▶ **What needs to be done**: From the first line below to the last, reproduce the material exactly and leave out the images.

====== Given information ======

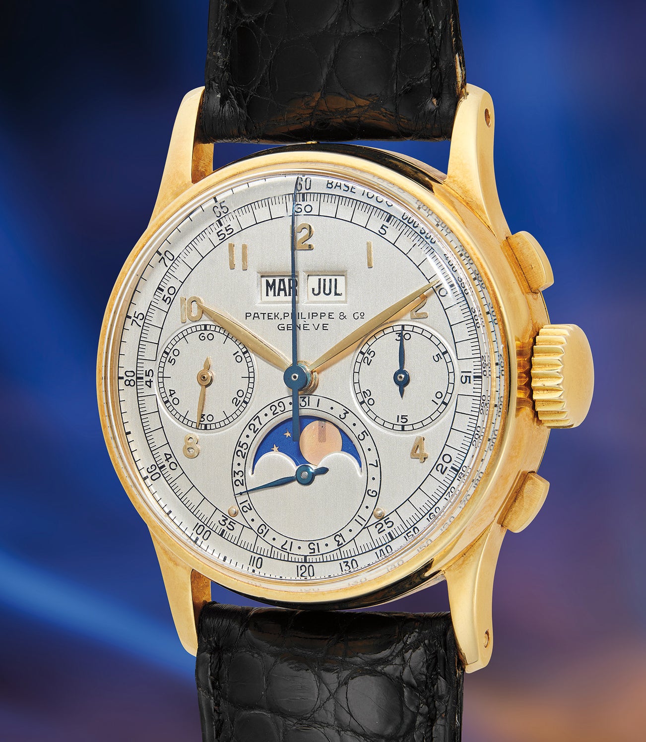 A fresh-to-the-market, important, and well-preserved yellow gold perpetual calendar chronograph wristwatch with French calendar, tachymeter scale and moon phase
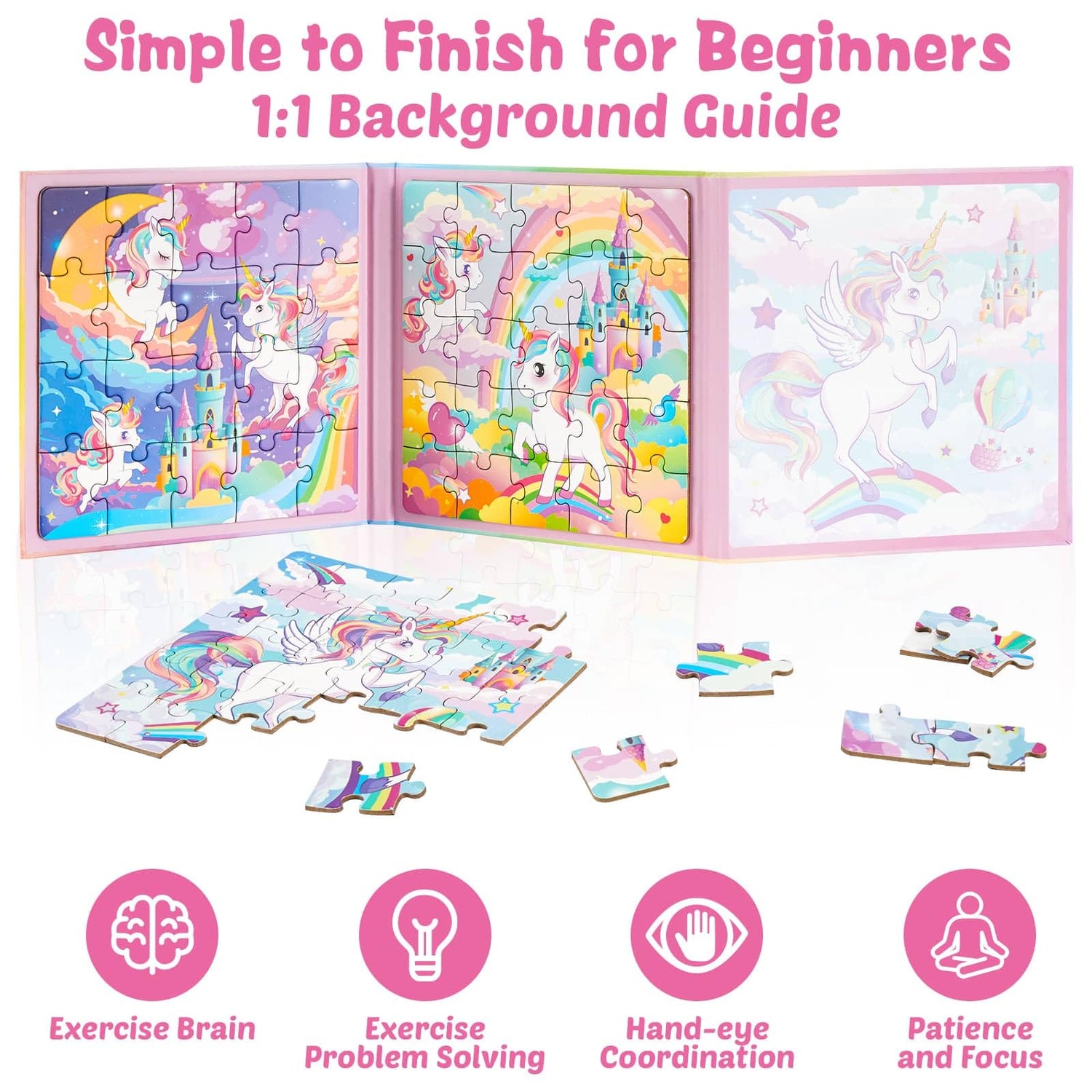 - 3 IN 1 CHILDREN'S PUZZLE: This unicorn magnetic puzzle set includes 20, 25, and 30 pieces, offering varying difficulty levels. The cute designs engage kids, providing a sense of accomplishment when completed
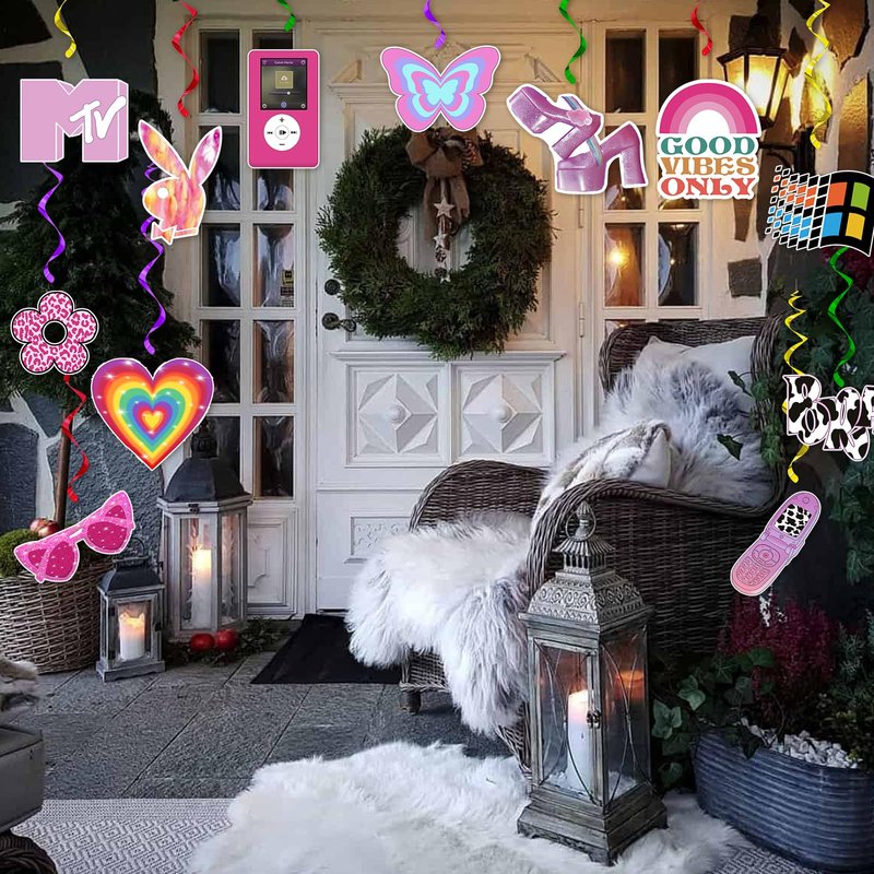 12Pcs Y2k 2000s Pink Party Swirl Decorations Hanging Spiral Decor Features: Made of good quality cardstock material, strong and light, double sided printed Y2k swirl decorations contain 2000s pink party, 12pcs spiral decor, good for party or daily decoration.ceiling Ideal for birthday party, baby shower, Female bachelor party, outdoor garden party, photo booth props and so on. Package: 1 Bag x Y2k 12 Spiral Decor Set

======

▶ **Reply to the exercise**:
 A fresh-to-the-market, important, and well-preserved yellow gold perpetual calendar chronograph wristwatch with French calendar, tachymeter scale and moon phase
 - 3 IN 1 CHILDREN'S PUZZLE: This unicorn magnetic puzzle set includes 20, 25, and 30 pieces, offering varying difficulty levels. The cute designs engage kids, providing a sense of accomplishment when completed
 12Pcs Y2k 2000s Pink Party Swirl Decorations Hanging Spiral Decor Features: Made of good quality cardstock material, strong and light, double sided printed Y2k swirl decorations contain 2000s pink party, 12pcs spiral decor, good for party or daily decoration.ceiling Ideal for birthday party, baby shower, Female bachelor party, outdoor garden party, photo booth props and so on. Package: 1 Bag x Y2k 12 Spiral Decor Set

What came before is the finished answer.